The Horace Jayne House was added to the National Register of Historic Places in 1982. [1]
The house was built as the residence and office of Dr. Horace Jayne and his wife Caroline Furness Jayne, and was completed in 1895. [2] Dr. Jayne was a zoologist and professor at the University of Pennsylvania. Mrs. Jayne, the architect's niece, was an ethnologist and an authority on string figures. Following her death at age 36, Dr. Jayne and their children – Kate Furness Jayne and Horace H. F. Jayne – moved year-round to "Sub Rosa," their summer house on the Wallingford, Pennsylvania property of her father, Horace Howard Furness. [3] : 321
The city house was acquired by department-store heir Jacob Lit of Lit Brothers about 1928, who probably added the radiator covers of frolicking greyhounds by sculptor William Hunt Diederich. [4]
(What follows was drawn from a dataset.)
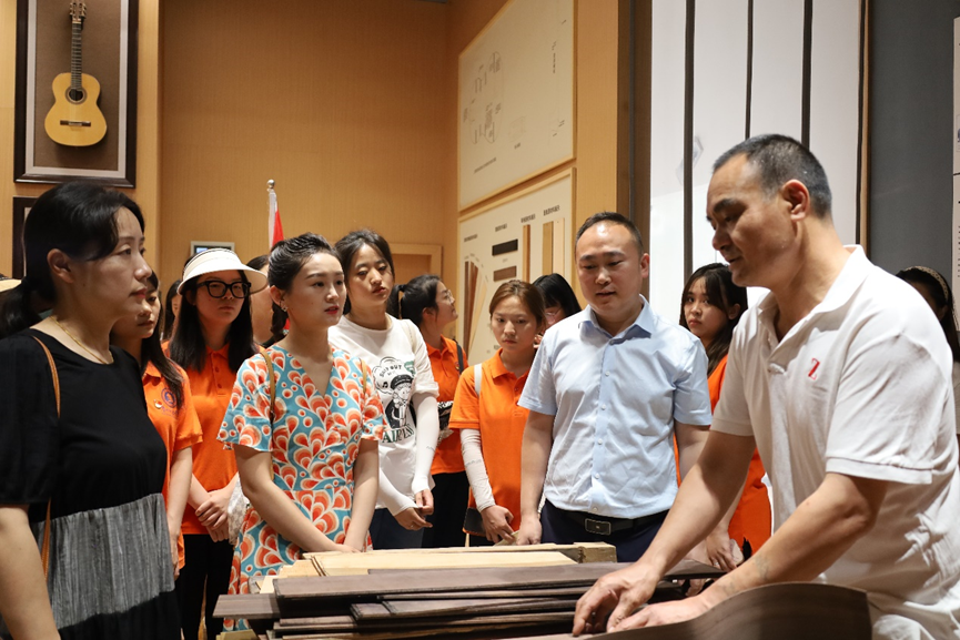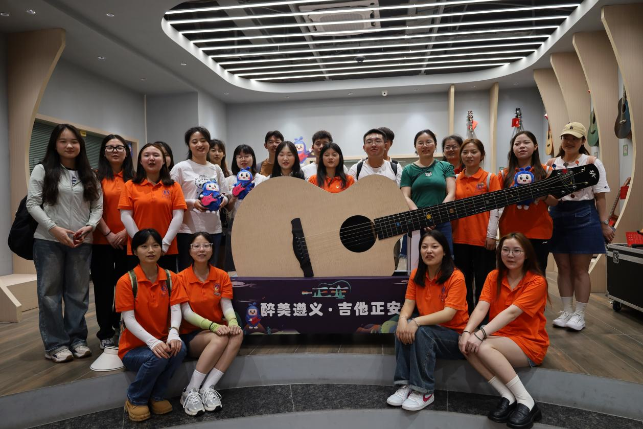正安吉他文化产业园(以下简称“园区”)是贵州省倾力打造的特色性、示范性园区。园区规划面积5.2平方公里,分为南北两区,南区为吉他文化旅游集聚区,北区是集吉他生产、研发、配套、物流、销售等产业链为一体的吉他文化产业装备区,也是本次参观的重点区域。进入园区后,首先映入眼帘的便是一句醒目的标语:“制作一把有生命的吉他,赋予每一把吉他以灵魂”,这或许就是一件没有生命力的乐器能在正安呈现生机与活力,成为每个“吉他人”的信仰,并不断延续发展的溯源。步入园区内景,在讲解员的介绍下,团队师生知晓了正安吉他产业发展的历史可以追溯至20世纪80年代,当时正安县组织三百名人员前往广东务工,工人们在当地吉他企业学到技术、积累资金后,毅然返回正安兴办吉他企业的故事,这也正是正安人学成归来,反哺乡里的时代典型,与东汉大儒尹珍先生学成反哺桑梓的事迹十分契合,在场同学无不受震撼与鼓舞。

The building was acquired by Temple Beth Zion in 1946 and served as its synagogue from 1946 to 1953 [5] after which it served as headquarters for the Heart Association of Southeastern Pennsylvania from the 1950s to the 1980s. [2] The building was renovated in the late 1980s into the law offices of Anapol, Schwartz, Weiss & Schwartz. [6] It was sold in 2007, and underwent a 2-year restoration by John Milner, Architects. [7] It is now, again, a single-family residence. [8]
Many of Furness's grandest Philadelphia houses of the 1880s and 1890s were built near or fronting on Rittenhouse Square. [3] : 230–31, 276, 282, 309 These included the William W. Frazier house (1881–82, demolished), at the southwest corner of 18th & Rittenhouse Square Streets; [9] the George B. Preston house (1881–83, demolished), at the northeast corner of 22nd & Walnut Streets; [10] the Thomas A. Scott house (1887–88, demolished), at the southeast corner of 19th & Rittenhouse Square Streets; [11] the Alexander J. Cassatt house (1888, demolished), at 202 South 19th Street (Rittenhouse Square West); [12] and the Thomas A. Reilly house (1891–92), at 1804 Rittenhouse Square Street. [13] Of these, only the Reilly house and the Jayne house survive.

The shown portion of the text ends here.